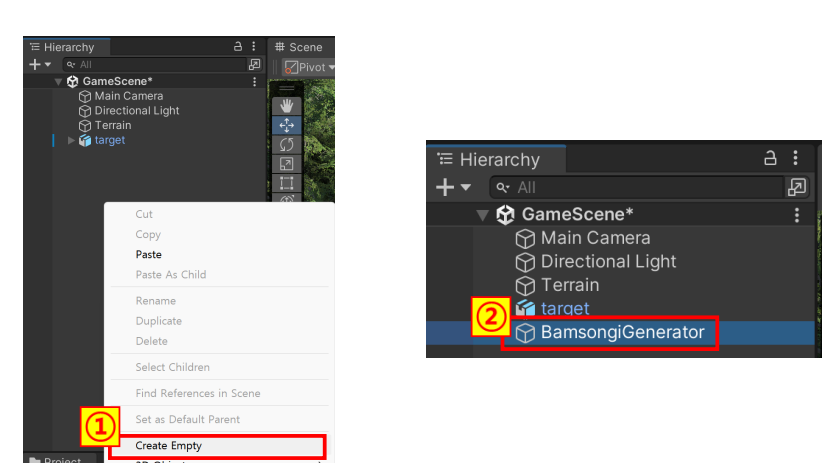 ▪ Hierarchy 창에서 BamsongiGenerator를 클릭하고,
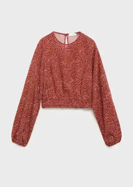 Cierre de Botón en la Parte Posterior Cuello Redondo Diseño Estampado Elástico en el Bajo Manga Larga Abullonada Tejido Fluido Total Look - 17053286_28.
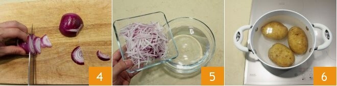 Schälen und schneiden Sie die Zwiebel fein 4 und legen Sie sie in eine Schüssel mit kaltem Wasser 5: auch in diesem Fall lassen Sie sie mehrere Stunden oder über Nacht einweichen und wechseln Sie das Wasser mindestens ein paar Mal, damit sie ihren intensiven Geschmack verliert. Setzen Sie die Kartoffeln zum Kochen auf 6: sie sollten weich sein, aber nicht zerfallen.
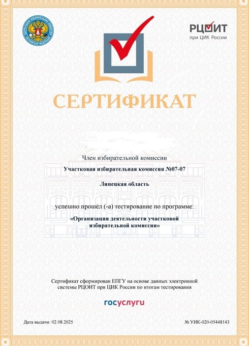 По итогам обучения все 42 члена четырёх участковых избирательных комиссий прошли тестирование и получили сертификаты.
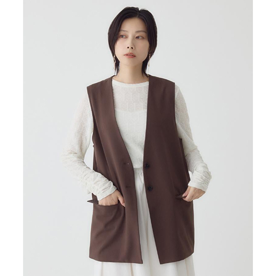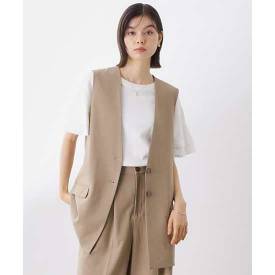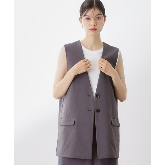 【デザイン】シンプルなジレは、適度な丈感でお腹やヒップ周りをしっかりカバーし、すっきりとしたシルエットを実現します。前面のフラップポケットがアクセントとなり、上品ながらも洗練された印象を与えます。同素材の040-64005(TPUベーシックワイド)/040-64007(TPU2タックワイド)とセットアップでの着こなしもおすすめです。【素材&機能性】さらりとした着心地が魅力の生地を使用し、裏地付きで安心の着用感を実現。サスティナブルな素材を採用しているため、環境にも配慮された1着です。【着こなしポイント】シンプルなデザインは、シャツやブラウスとのインナーとしてはもちろん、単品で羽織るアイテムとしても活躍します。オフィスカジュアルから休日のリラックススタイルまで、幅広いシーンでお洒落に決めることができるジレです。【仕様】・ポケット数:横×2・裏地あり※照明の関係により、実際よりも色味が違って見える場合があります。また、パソコン・スマートフォンなどの環境により、若干製品と画像のカラーが異なる場合もございます。
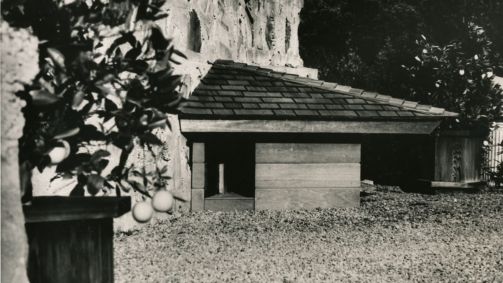 Jim Berger cresceu em uma casa em San Anselmo, Califórnia, que seus pais encomendaram a Wright para projetar, de acordo com Marin County. Em 1956, quando Berger tinha 12 anos, ele enviou uma carta a Wright pedindo planos para uma casinha de cachorro para seu labrador, Eddie.
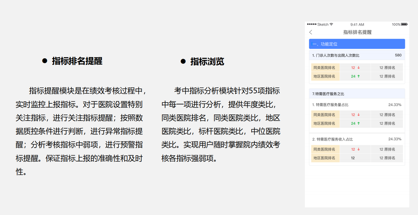 国家或省里定义的绩效指标进行深度解读,包含专家观点、定义、解释、计算公式、参考值范围等等。保证填报人员能进行准确理解指标释义,便于与业务科室沟通。随时随地获取指标相关服务,提高工作效率。
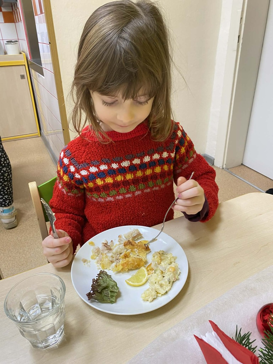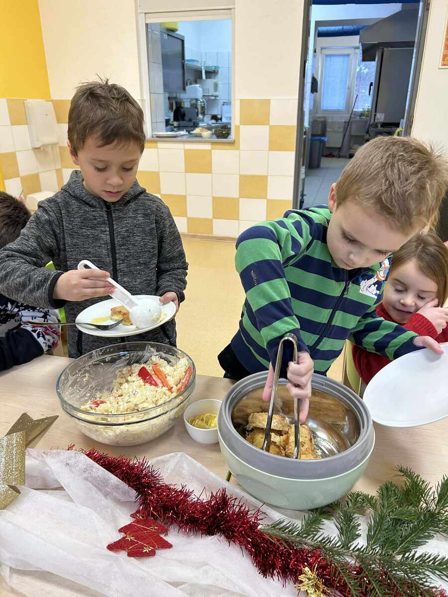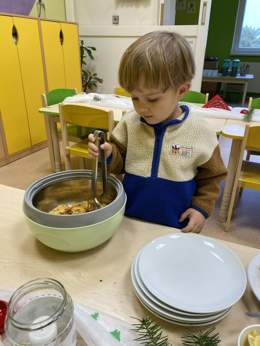 Zatímco venku se prosincové dopoledne halilo do šedivé mlhy, uvnitř naší školky se zastavil čas. Vzduchem vonělo jehličí, skořice a dětské očekávání, které by se dalo krájet. Všichni se těšili, až spolu usednou ke slavnostnímu štědrovečernímu obědu, při kterém si společně vychutnají sváteční obalovanou rybku i bramborový salát a připomenou si vánoční tradice. U stolu plného úsměvů a za poslechu koled jsme si uvědomili, že to nejvzácnější na Vánocích není schované v krabicích pod stromkem, ale v tom, že tuhle sváteční chvíli sdílíme jeden s druhým.

Activity: The expected output is every entry, retyped exactly, with all pictures removed.

Response for this exercise:
 ▪ Hierarchy 창에서 BamsongiGenerator를 클릭하고,
 Cierre de Botón en la Parte Posterior Cuello Redondo Diseño Estampado Elástico en el Bajo Manga Larga Abullonada Tejido Fluido Total Look - 17053286_28.
 Schälen und schneiden Sie die Zwiebel fein 4 und legen Sie sie in eine Schüssel mit kaltem Wasser 5: auch in diesem Fall lassen Sie sie mehrere Stunden oder über Nacht einweichen und wechseln Sie das Wasser mindestens ein paar Mal, damit sie ihren intensiven Geschmack verliert. Setzen Sie die Kartoffeln zum Kochen auf 6: sie sollten weich sein, aber nicht zerfallen.
 По итогам обучения все 42 члена четырёх участковых избирательных комиссий прошли тестирование и получили сертификаты.
 【デザイン】シンプルなジレは、適度な丈感でお腹やヒップ周りをしっかりカバーし、すっきりとしたシルエットを実現します。前面のフラップポケットがアクセントとなり、上品ながらも洗練された印象を与えます。同素材の040-64005(TPUベーシックワイド)/040-64007(TPU2タックワイド)とセットアップでの着こなしもおすすめです。【素材&機能性】さらりとした着心地が魅力の生地を使用し、裏地付きで安心の着用感を実現。サスティナブルな素材を採用しているため、環境にも配慮された1着です。【着こなしポイント】シンプルなデザインは、シャツやブラウスとのインナーとしてはもちろん、単品で羽織るアイテムとしても活躍します。オフィスカジュアルから休日のリラックススタイルまで、幅広いシーンでお洒落に決めることができるジレです。【仕様】・ポケット数:横×2・裏地あり※照明の関係により、実際よりも色味が違って見える場合があります。また、パソコン・スマートフォンなどの環境により、若干製品と画像のカラーが異なる場合もございます。
 Jim Berger cresceu em uma casa em San Anselmo, Califórnia, que seus pais encomendaram a Wright para projetar, de acordo com Marin County. Em 1956, quando Berger tinha 12 anos, ele enviou uma carta a Wright pedindo planos para uma casinha de cachorro para seu labrador, Eddie.
 国家或省里定义的绩效指标进行深度解读,包含专家观点、定义、解释、计算公式、参考值范围等等。保证填报人员能进行准确理解指标释义,便于与业务科室沟通。随时随地获取指标相关服务,提高工作效率。
 Zatímco venku se prosincové dopoledne halilo do šedivé mlhy, uvnitř naší školky se zastavil čas. Vzduchem vonělo jehličí, skořice a dětské očekávání, které by se dalo krájet. Všichni se těšili, až spolu usednou ke slavnostnímu štědrovečernímu obědu, při kterém si společně vychutnají sváteční obalovanou rybku i bramborový salát a připomenou si vánoční tradice. U stolu plného úsměvů a za poslechu koled jsme si uvědomili, že to nejvzácnější na Vánocích není schované v krabicích pod stromkem, ale v tom, že tuhle sváteční chvíli sdílíme jeden s druhým.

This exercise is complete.